● Data supplied:
Start of Block
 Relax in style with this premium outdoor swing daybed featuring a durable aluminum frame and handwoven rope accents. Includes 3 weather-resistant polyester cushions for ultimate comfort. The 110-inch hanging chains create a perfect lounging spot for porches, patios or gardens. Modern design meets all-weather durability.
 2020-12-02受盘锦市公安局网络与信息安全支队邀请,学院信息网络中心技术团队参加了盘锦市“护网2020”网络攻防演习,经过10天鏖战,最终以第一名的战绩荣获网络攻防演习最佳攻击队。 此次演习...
End of Block
Start of Block
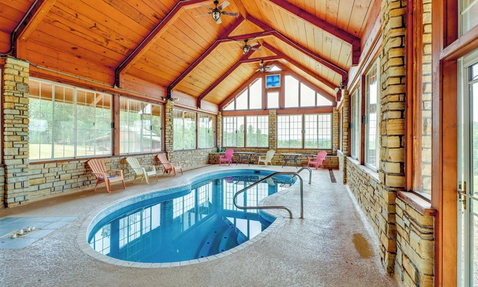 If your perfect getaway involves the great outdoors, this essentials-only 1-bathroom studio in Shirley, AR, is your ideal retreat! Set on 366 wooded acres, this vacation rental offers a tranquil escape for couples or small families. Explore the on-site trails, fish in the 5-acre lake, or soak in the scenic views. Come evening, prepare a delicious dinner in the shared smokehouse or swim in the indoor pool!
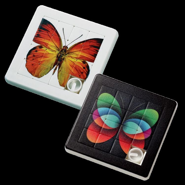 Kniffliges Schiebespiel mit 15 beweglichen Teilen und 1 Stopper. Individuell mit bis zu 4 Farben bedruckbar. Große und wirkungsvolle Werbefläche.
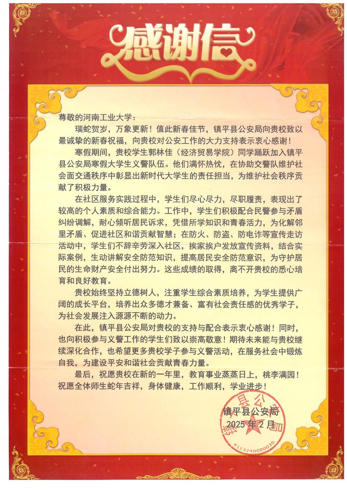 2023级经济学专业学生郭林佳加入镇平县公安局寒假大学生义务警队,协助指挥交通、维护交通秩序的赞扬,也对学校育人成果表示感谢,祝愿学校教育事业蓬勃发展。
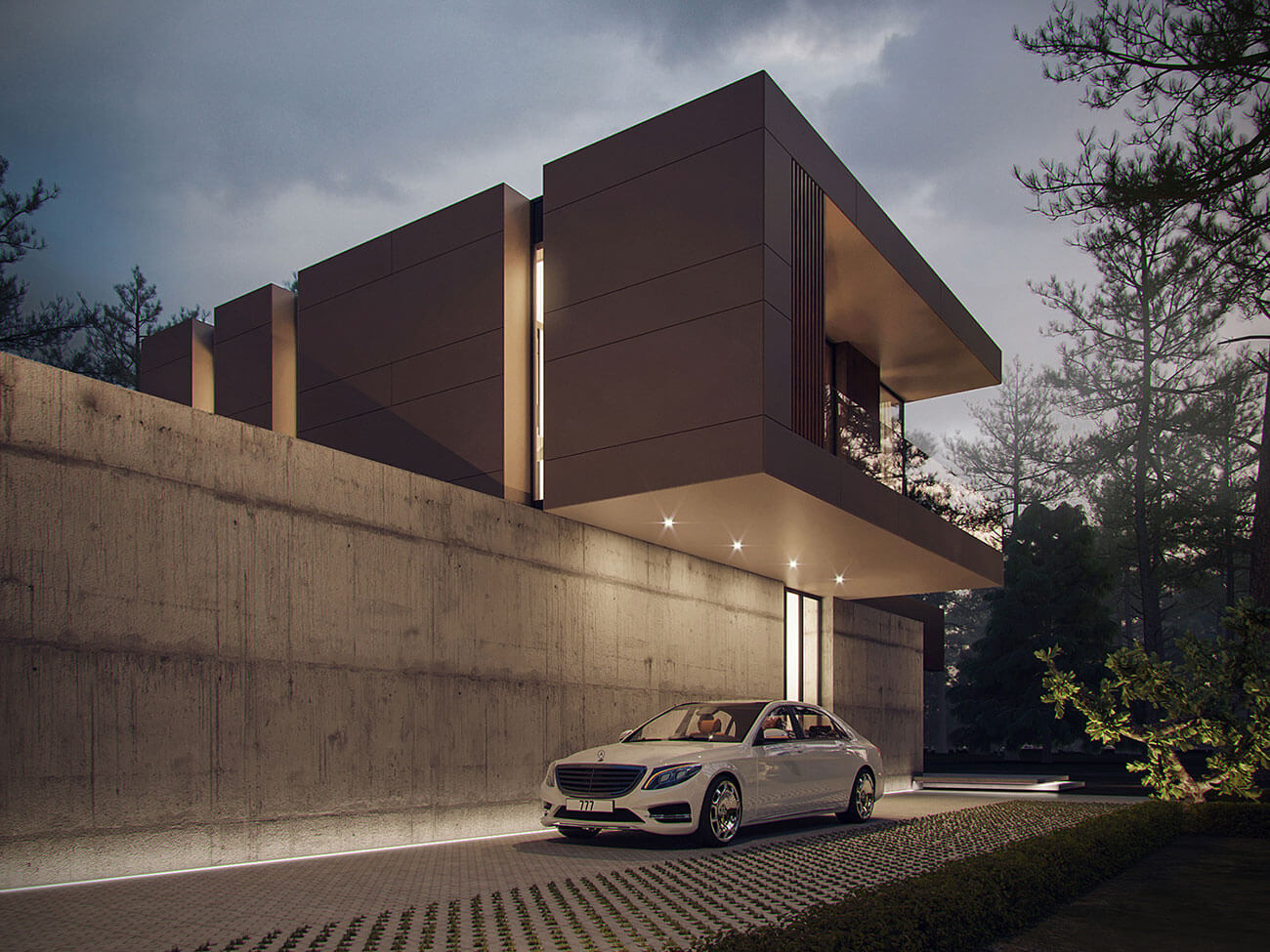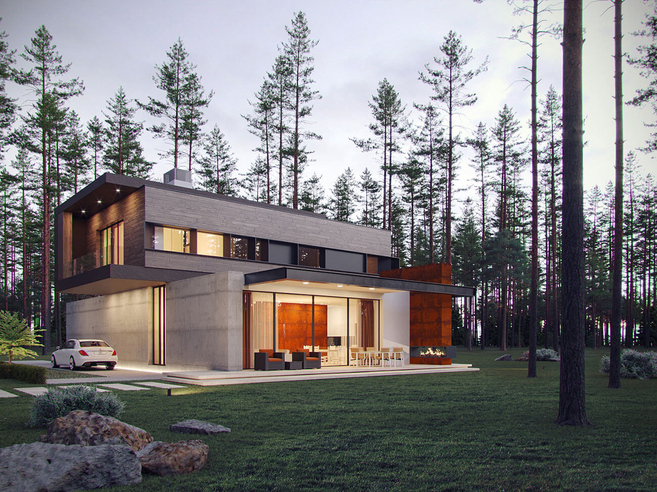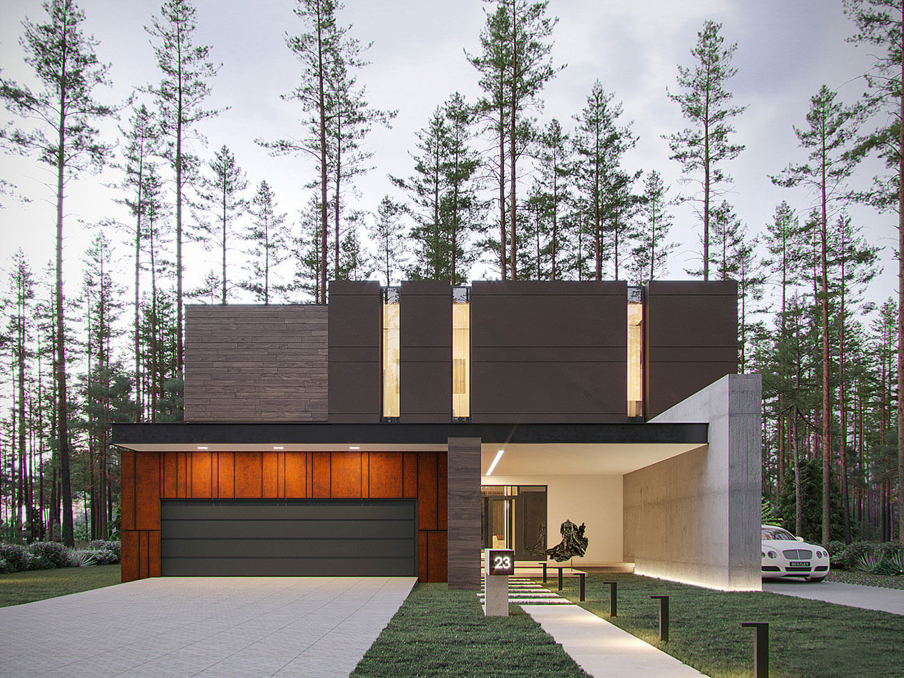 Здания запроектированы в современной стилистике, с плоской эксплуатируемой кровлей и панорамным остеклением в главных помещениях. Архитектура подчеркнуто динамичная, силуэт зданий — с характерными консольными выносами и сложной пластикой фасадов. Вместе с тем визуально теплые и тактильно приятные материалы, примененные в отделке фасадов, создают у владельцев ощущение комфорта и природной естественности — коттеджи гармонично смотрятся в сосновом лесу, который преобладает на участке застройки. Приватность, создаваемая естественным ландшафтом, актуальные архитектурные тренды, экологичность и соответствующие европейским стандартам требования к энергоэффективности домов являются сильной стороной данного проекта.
End of Block
A word-for-word reproduction is needed of the lines above from the line containing "Kniffliges Schiebespiel mit" through the line containing "Здания запроектированы в", with both ends kept and no pictures.

 Kniffliges Schiebespiel mit 15 beweglichen Teilen und 1 Stopper. Individuell mit bis zu 4 Farben bedruckbar. Große und wirkungsvolle Werbefläche.
 2023级经济学专业学生郭林佳加入镇平县公安局寒假大学生义务警队,协助指挥交通、维护交通秩序的赞扬,也对学校育人成果表示感谢,祝愿学校教育事业蓬勃发展。
 Здания запроектированы в современной стилистике, с плоской эксплуатируемой кровлей и панорамным остеклением в главных помещениях. Архитектура подчеркнуто динамичная, силуэт зданий — с характерными консольными выносами и сложной пластикой фасадов. Вместе с тем визуально теплые и тактильно приятные материалы, примененные в отделке фасадов, создают у владельцев ощущение комфорта и природной естественности — коттеджи гармонично смотрятся в сосновом лесу, который преобладает на участке застройки. Приватность, создаваемая естественным ландшафтом, актуальные архитектурные тренды, экологичность и соответствующие европейским стандартам требования к энергоэффективности домов являются сильной стороной данного проекта.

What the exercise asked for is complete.